The applicant pay the first respondent’s costs set in the amount of $5,400.
| FEDERAL MAGISTRATES COURT OF AUSTRALIA AT SYDNEY |
SYG 2033 of 2009
| XI WANG |
Applicant
And
| MINISTER FOR IMMIGRATION & CITIZENSHIP |
First Respondent
| MIGRATION REVIEW TRIBUNAL |
Second Respondent
REASONS FOR JUDGMENT
(Ex tempore; Revised from transcript)
This is an application made on 24 August 2009, under the Migration Act 1958 (Cth) (“the Act”), seeking review of the decision of the Migration Review Tribunal (“the Tribunal”), made on 24 July 2009, which affirmed the decision of a delegate of the respondent Minister to cancel the applicant’s student visa, a subclass 573 Higher Education Sector visa.
Background
The Minster has put before the Court a bundle of relevant documents (Court Book – “CB”) from which the following background may be derived.
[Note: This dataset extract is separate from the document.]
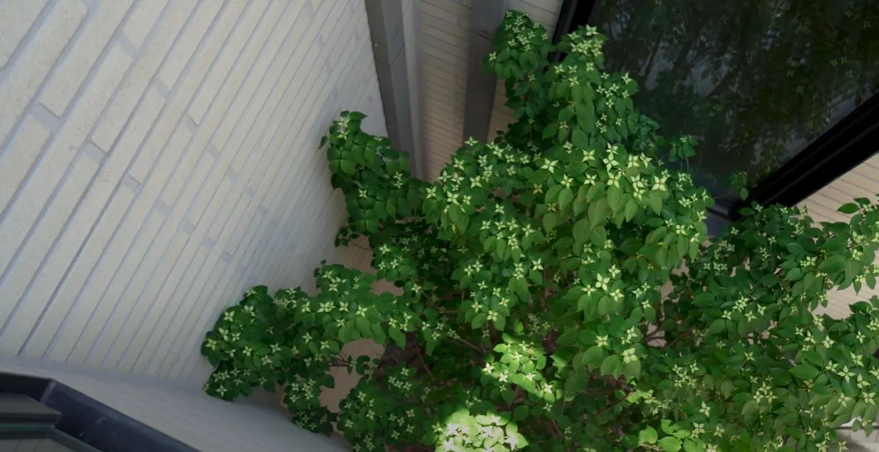 윤환(輪環)에서 계단과 중정은 집의 중심을 이루는 코어 역할을 합니다. 1층과 2층의 계단을 오르내릴 때마다 시야에 들어오는 이 중정은, 미묘한 계절의 변화나 빛의 흐름을 하나의 장면으로 담아냅니다. 매일 반복되는 익숙한 동선 속에서 자연은 매일 새로운 풍경을 보여주며, 일상을 더욱 풍요롭게 만드는 건축적 장치가 됩니다.
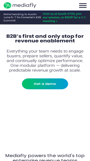 85%The only end-to-end revenue enablement platform Mediafly’s AI-powered revenue enablement software aligns marketing, sales, and customer success on one

The applicant, who is a national of the People’s Republic of China, entered Australia on 26 April 2007. At that time, he was the holder of a particular type of student visa, which was said to be in force until 15 September 2010. Relevantly, from June 2007 to October 2008 the applicant was enrolled in a Diploma of Computing at the Sydney Institute of Business and Technology (“SIBT”).
On 27 November 2008, SIBT certified that the applicant had not achieved satisfactory course progress, and that he had therefore breached a condition attaching to his visa. This was condition 8202(3), set out in Schedule 8 of the Migration Regulations 1994 (Cth) (“the Regulations”). I note, relevantly, cl.573.611 of Schedule 2 to the Regulations. Also relevant are sub-cls.1 to 3 of condition 8202 in the form that applies to breaches since 1 July 2007.
On 18 December 2008, an officer of the respondent’s Department issued a Notice of Intention to Consider Cancellation of the visa that had been granted to the applicant. The notice was said to have been given pursuant to s.116 of the Act. This was the first notice given to the applicant. It relevantly referred to s.116 and the power to cancel a visa in circumstances where the holder had not complied with a condition of the visa.
It specifically referred the applicant to reg.2.43 of the Regulations and, in particular, sub-cl.2, and, as relevantly set out in the Minister’s written submissions at [3]:
“3. On 18 December 2008, the Department of Immigration and Citizenship (the Department) issued a Notice of Intention to Consider Cancellation of the applicant’s visa (CB 9), pursuant to s 116 of the Migration Act 1958 (Cth) (the Act). In the Notice, the Department:
…
(ii) set out reg 2.43 of the Regulations, subclause (2) of which provides that for the purposes of s 116(3) of the Act, the circumstances in which the Minister must cancel a visa are:
(b) in the case of a Student (Temporary) (Class TU) visa:
(i) …
(ii) that the Minister is satisfied that:
(A) the visa holder has not complied with condition 8202; and
(B) the non-compliance was not due to exceptional circumstances beyond the visa holder’s control.
(iii) set out condition 8202; and
(iv) invited a written response from the applicant as to why his visa should not be cancelled.”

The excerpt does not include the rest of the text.